La España de hoy sigue atrapada en una fractura histórica que ni la Transición ni el régimen del 78 lograron cerrar. Mientras las élites políticas y económicas, ancladas en Madrid, insisten en reducir el país a los intereses de una capital convertida en fortaleza del poder, el resto de los territorios —y especialmente aquellos históricamente marginados— siguen reclamando un lugar en la mesa. La derecha, cómplice de este centralismo asfixiante, repite como un mantra que «Madrid es España». Pero no: «Madrid es el problema». Un problema que impide la equidad entre españoles, agudiza las desigualdades territoriales y perpetúa un sistema diseñado para servir a unos pocos.

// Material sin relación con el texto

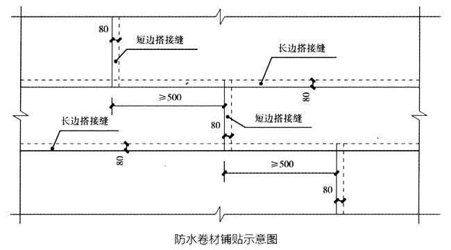 | 原因分析 | 1、防水卷材鋪貼時未彈線,鋪貼不順直,搭接寬度不夠。 2、未嚴格按施工工藝進行施工,卷材搭接部位未粘貼牢固,膠粘、自粘卷材搭接縫受污染、未壓實粘牢,熱熔卷材未充分熔融溢出瀝青條封口 |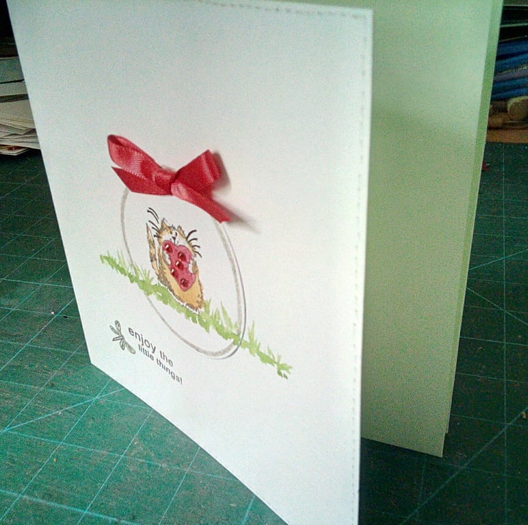 A completely different and handmade card. Consisting of a cutie cat with heart stamped onto a circle of white card. Then mounted onto quality pristine white card. Hand coloured with water colours. Embellished with red rhinestones and red satin ribbon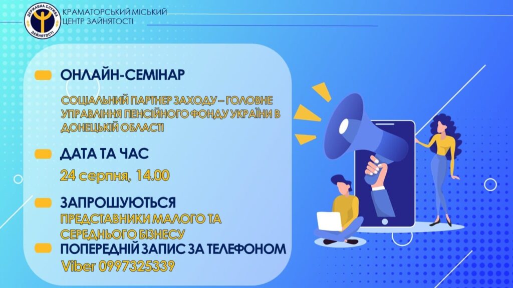 24 серпня о 14:00 консультанти роботодавців Краматорського міського центру зайнятості проведуть онлайн-семінар для представників малого та середнього бізнесу. Соціальний партнер заходу – Головне управління Пенсійного фонду України в Донецькій області.

Madrid es el símbolo de un pacto de élites que, desde la muerte de Franco, utiliza instituciones como la Iglesia, una parte de la judicatura y las Fuerzas Armadas para blindar su hegemonía. La Transición no fue una ruptura, sino una reforma que mantuvo intactos los pilares del viejo régimen. Hoy, ese mismo establishment instrumentaliza el miedo al «caos territorial» para justificar su control centralista. Pero, ¿qué unidad defienden? Aquella que invisibiliza a Galicia, a Cataluña, a Euskadi, a Andalucía… Aquella que convierte la diversidad en una amenaza y el federalismo en un tabú.

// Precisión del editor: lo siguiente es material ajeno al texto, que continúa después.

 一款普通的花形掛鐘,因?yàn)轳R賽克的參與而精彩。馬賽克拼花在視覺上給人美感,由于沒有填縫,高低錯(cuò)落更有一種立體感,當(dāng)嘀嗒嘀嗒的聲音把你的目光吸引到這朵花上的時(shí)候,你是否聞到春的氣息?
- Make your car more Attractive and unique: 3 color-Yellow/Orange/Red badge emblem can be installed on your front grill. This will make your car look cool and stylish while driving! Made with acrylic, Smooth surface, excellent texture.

La derecha, con su nostalgia autoritaria, insiste en que cualquier crítica a este modelo es un ataque a España. Pero su España es un espejismo: un país donde los recursos se concentran en la capital, donde las políticas públicas ignoran las necesidades de las periferias, y donde el ejército y el clero siguen siendo brazos extendidos de un poder que desconfía de la democracia real.

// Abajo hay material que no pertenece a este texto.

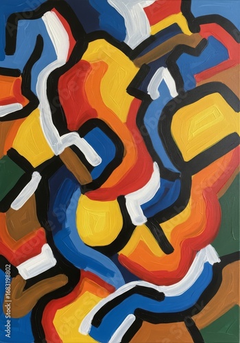 Abstract Colorful Shapes with Black Outline Painting Style Digital Art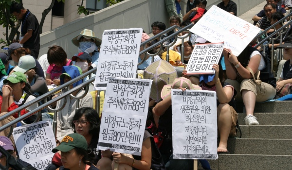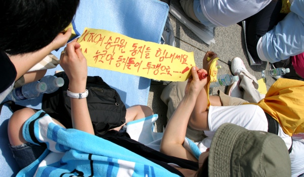 "³ëµ¿ÀÚ´Â Çϳª´Ù!" ÀÌ·£µåÀÇ ºñÁ¤±ÔÁ÷ ź¾Ð¿¡ ¸Â¼ 10¿© Àϰ ÅõÀï ÁßÀÎ ÀÌ·£µå³ëÁ¶ µ¿ÁöµéÀÌ ¿¬´ëÇß´Ù. |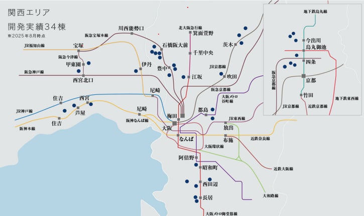 新社会人や学生を中心とした若年層を主なターゲットに据えたことも、関西における特徴の一つです。具体的には、大阪市内をはじめ、池田市(阪急電鉄「石橋阪大前」駅周辺)や京都市内といた、通勤・通学の利便性が高く、かつ一定のブランド力を持つエリアを重視しています。こうした立地は安定して高い賃料設定が可能であり、投資家の方々からも高い関心を寄せられることが期待されます。

En este mapa de desequilibrios, Andalucía ocupa un lugar paradójico. Es la comunidad más poblada, la que atesora una identidad cultural poderosa y la que sufre con mayor crudeza las consecuencias del centralismo y la desigualdad. Sin embargo, su potencial como motor de cambio sigue dormido. La razón es clara: falta un liderazgo político andaluz que rompa definitivamente con el régimen del 78. Ni PSOE ni Izquierda Unida representan una alternativa real. Ambos siguen anclados en dinámicas estatales, aun sus aparentes esquemas federales, en lógicas de pactos con el poder madrileño que siempre terminan diluyendo las aspiraciones de fondo.
Andalucía necesita un proyecto propio, un «andalucismo» que, además, de enarbolar la Arbonaida, construya puentes con otros pueblos del Estado. Un movimiento que, desde el sur, proponga un nuevo contrato social basado en la solidaridad interterritorial, la justicia económica y la democratización radical de las instituciones. El andalucismo es lo contrario de separatismo. Es la herramienta para desmontar el centralismo que ahoga a todos y replantear España como una suma de pueblos libres, no como un feudo de las elites con domicilio fiscal en Madrid.
La cooperación entre los pueblos de la España diversa y plurinacional no llegará mientras el poder siga secuestrado por una minoría que confunde patria con privilegios. Tampoco llegará con partidos que, aunque se autodenominen progresistas o de izquierdas, reproducen la sumisión a Madrid. La solución está en construir desde abajo: municipios, sindicatos andaluces, cooperativas, empresas andaluzas, asociaciones vecinales. Está en articular un pacto común de los territorios para lograr una redistribución real del poder y la riqueza.
El régimen del 78, con su monarquía heredera del franquismo y su Constitución rígida, ya no sirve. Necesitamos una España federal, que respete la plurinacionalidad, donde Madrid deje de ser el ombligo y pase a ser un nodo más en una red de pueblos soberanos. Para eso, Andalucía debe despertar. Debe dejar de mendigar migajas y levantar la voz con la fuerza de quién sabe que, sin el sur, no hay futuro posible. Madrid no es España: Andalucía es la clave del cambio.